Gabriel Gonzalez makes the argument on haskellforall.com that a sufficiently detailed specification is code. The claim is compact, but the history behind it is long, and the history is worth tracing because each tool and tradition that embodies this idea discovered a different failure mode and a different practical payoff.

The gradient runs from prose requirements through types, property tests, refinement types, formal models, and finally dependent types. These are not competing schools of thought; they are different positions on the same continuum, each suited to different stakes and different domains. Where you sit on that gradient should be a deliberate choice, not a default.

The Eiffel Starting Point

Bertrand Meyer gave the idea its most influential early form in the mid-1980s with Design by Contract in Eiffel. The language lets you attach preconditions and postconditions directly to methods:

put (x: G; key: STRING)
    require
        key_not_empty: not key.is_empty
    do
        -- implementation
    ensure
        inserted: item(key) = x
    end

The require and ensure clauses are executable specifications. In debug builds they check at runtime; external tools can analyze them statically. Meyer’s key observation was that a contract layer tight enough eventually collapses the implementation space to a single reasonable option. The spec and the code converge.

Design by Contract influenced C#‘s Code Contracts, Java’s JSR-305 annotations, and assertion idioms in most modern languages. It did not become universal, partly for tooling reasons and partly because runtime contract checking costs something, and most teams were not willing to pay it uniformly. The idea was sound; the operational friction killed adoption outside safety-critical domains.

TLA+ and the Model Checker Tradition

Leslie Lamport’s TLA+ took a different path. A TLA+ spec describes system behavior as state transitions and temporal properties:

VARIABLES count

Init == count = 0
Increment == count' = count + 1
Spec == Init /\ [][Increment]_count

This is unambiguously a specification.
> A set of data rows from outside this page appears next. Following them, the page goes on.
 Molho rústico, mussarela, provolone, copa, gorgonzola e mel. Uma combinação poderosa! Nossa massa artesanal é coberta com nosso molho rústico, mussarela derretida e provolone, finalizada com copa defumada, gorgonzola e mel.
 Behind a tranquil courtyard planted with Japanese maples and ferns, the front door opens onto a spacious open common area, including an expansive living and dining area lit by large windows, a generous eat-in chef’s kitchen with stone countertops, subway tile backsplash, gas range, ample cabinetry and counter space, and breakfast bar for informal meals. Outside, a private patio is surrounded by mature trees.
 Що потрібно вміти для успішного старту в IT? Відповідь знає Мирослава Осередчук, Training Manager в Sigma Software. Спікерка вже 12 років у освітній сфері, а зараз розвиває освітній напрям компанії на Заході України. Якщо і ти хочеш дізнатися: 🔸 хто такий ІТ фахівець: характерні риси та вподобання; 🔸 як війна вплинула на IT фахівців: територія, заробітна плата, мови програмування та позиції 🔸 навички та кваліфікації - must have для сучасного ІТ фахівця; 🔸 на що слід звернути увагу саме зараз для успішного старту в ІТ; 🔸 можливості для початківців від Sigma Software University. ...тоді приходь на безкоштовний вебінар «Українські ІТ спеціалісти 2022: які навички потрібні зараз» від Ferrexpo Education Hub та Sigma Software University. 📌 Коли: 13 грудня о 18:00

It runs through TLC, which exhaustively explores the reachable state space and checks temporal properties. AWS has publicly documented using TLA+ to find bugs in distributed protocols that code review and testing both missed. The spec is not documentation; it is a checked artifact.

Alloy works similarly for structural properties. You write a model of your system’s state space, and the Alloy analyzer checks invariants over it. Neither TLA+ nor Alloy outputs production code directly. The gap between spec and implementation is real and intentional: the abstraction is the point. You can reason about “no two nodes simultaneously believe they are the leader” without implementation details getting in the way. The cost is that translating the spec into working code remains a manual, error-prone step.
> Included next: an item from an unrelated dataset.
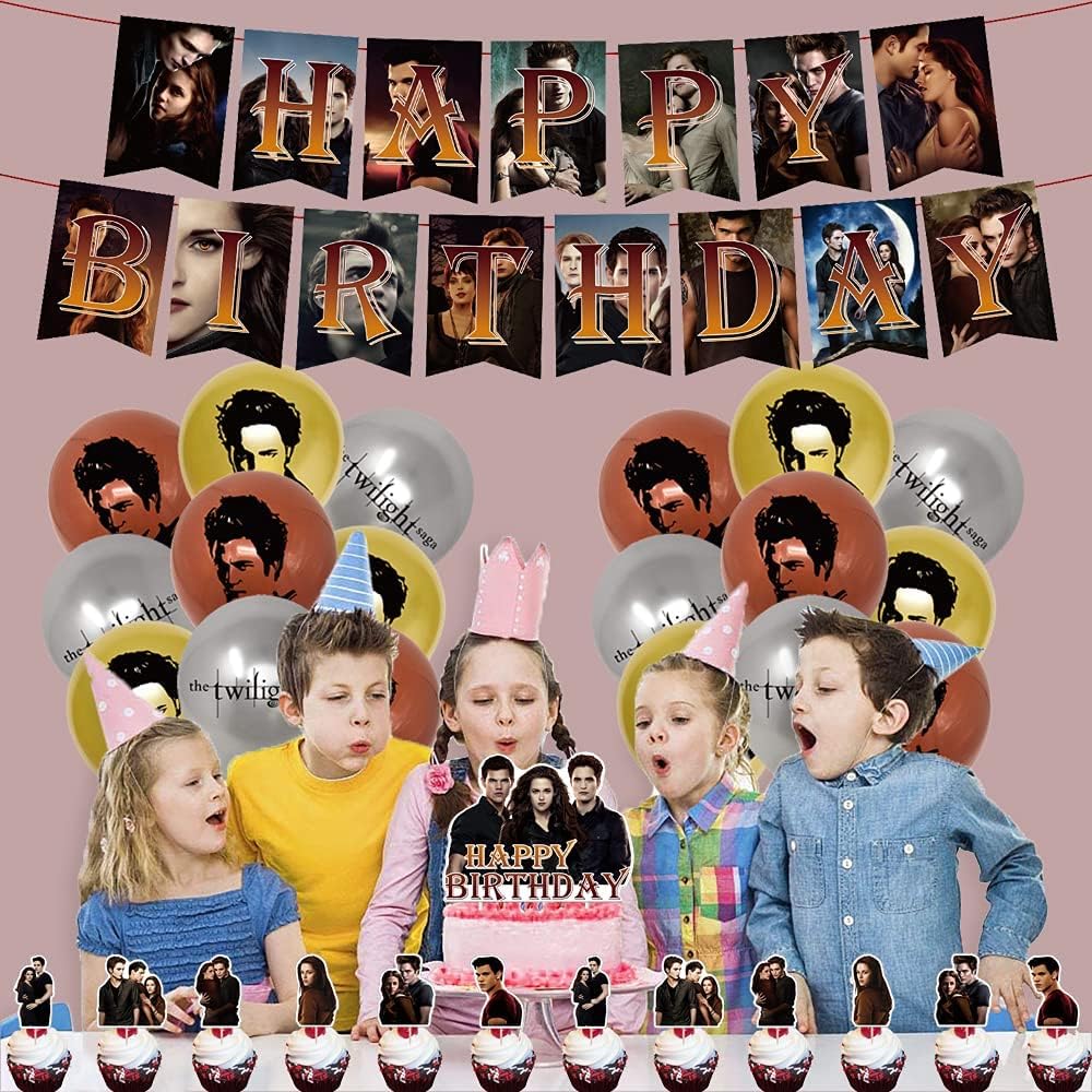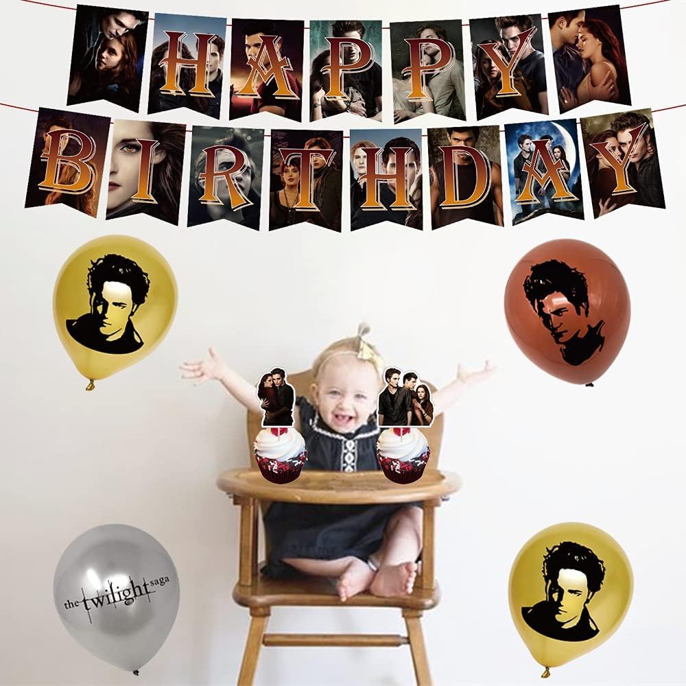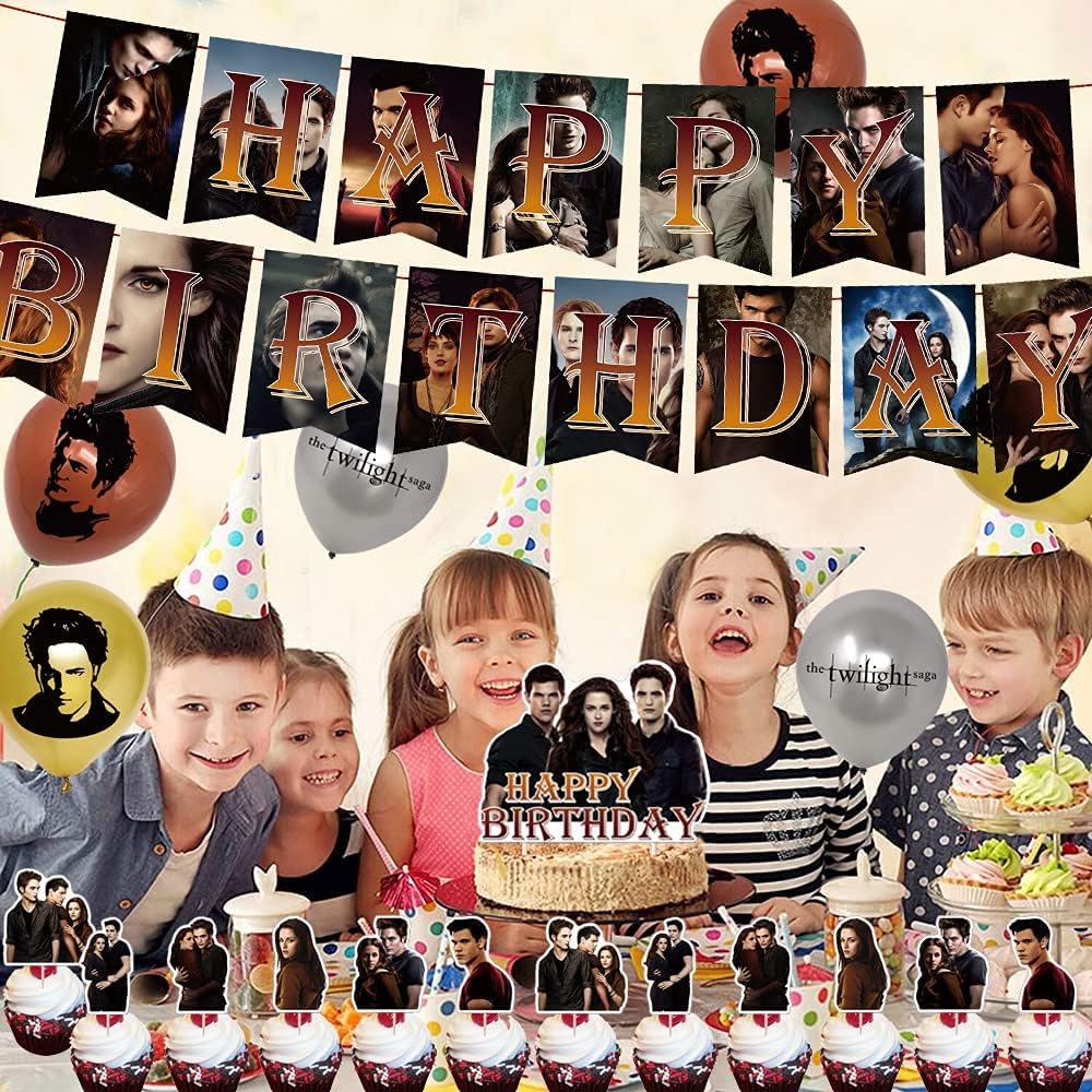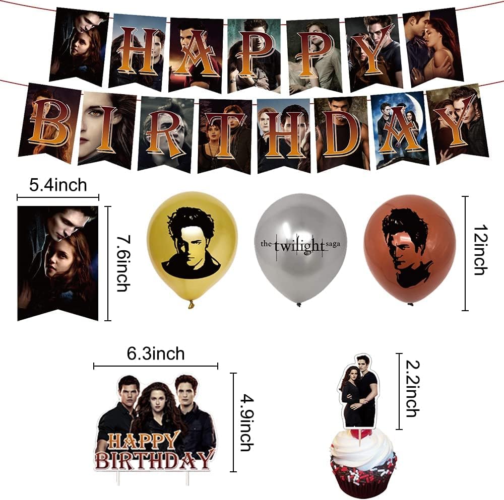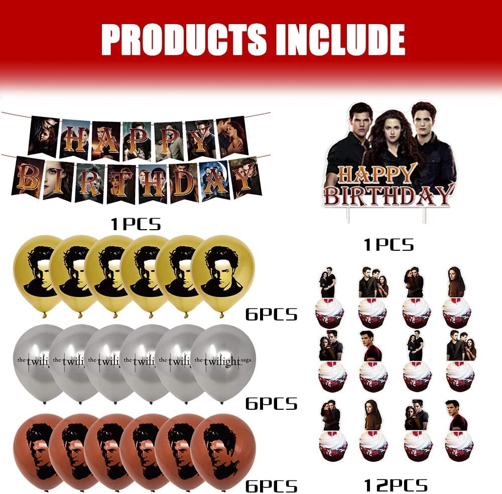 لوازم حفلات أعياد الميلاد Twilight Saga من QICI تتضمن ديكورات الحفلات ذات طابع Twilight Saga للمعجبين لافتة عيد ميلاد سعيد، وغطاء للكعك، و24 قطعة علوية للكب كيك و18 بالونة لاتكس

Haskell Types as Lightweight Specs

Haskell narrows the spec-to-code distance by making types more expressive than in most production languages. A function signature is already a partial specification:

sort :: Ord a => [a] -> [a]

This rules out a large class of incorrect implementations. The function must be polymorphic over any ordered type, must accept a list, and must return a list of the same element type. It cannot insert new elements, cannot change the element type, and the Ord constraint gives it access to comparison. The type is a partial specification, and the compiler enforces it mechanically.

You can encode more structure in the types. A function typed:

insert :: Ord a => a -> Set a -> Set a

communicates that insertion is defined over a set, returns a set, and requires the element type to be comparable. The Set type from Data.Set additionally guarantees uniqueness by construction, so the type itself encodes the invariant that sets contain no duplicates. You did not have to write that invariant down; the type carries it.
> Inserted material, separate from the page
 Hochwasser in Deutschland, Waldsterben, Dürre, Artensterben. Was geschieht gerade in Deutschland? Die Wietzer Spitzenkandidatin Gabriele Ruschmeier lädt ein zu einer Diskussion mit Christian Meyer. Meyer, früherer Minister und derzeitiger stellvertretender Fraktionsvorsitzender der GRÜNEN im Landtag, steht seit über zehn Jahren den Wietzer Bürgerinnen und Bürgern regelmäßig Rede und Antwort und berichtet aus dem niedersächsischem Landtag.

QuickCheck: Specs That Test

QuickCheck, published by Claessen and Hughes in 2000, is the practical midpoint on the gradient for most working developers. Instead of writing tests against specific inputs, you write properties that any correct implementation must satisfy:

import Test.QuickCheck
import Data.List (sort, (\\))

-- sorting twice is the same as sorting once
prop_sortIdempotent :: [Int] -> Bool
prop_sortIdempotent xs = sort (sort xs) == sort xs

-- sorted output is non-decreasing
prop_sortOrdered :: [Int] -> Bool
prop_sortOrdered xs =
  let ys = sort xs
  in and (zipWith (<=) ys (drop 1 ys))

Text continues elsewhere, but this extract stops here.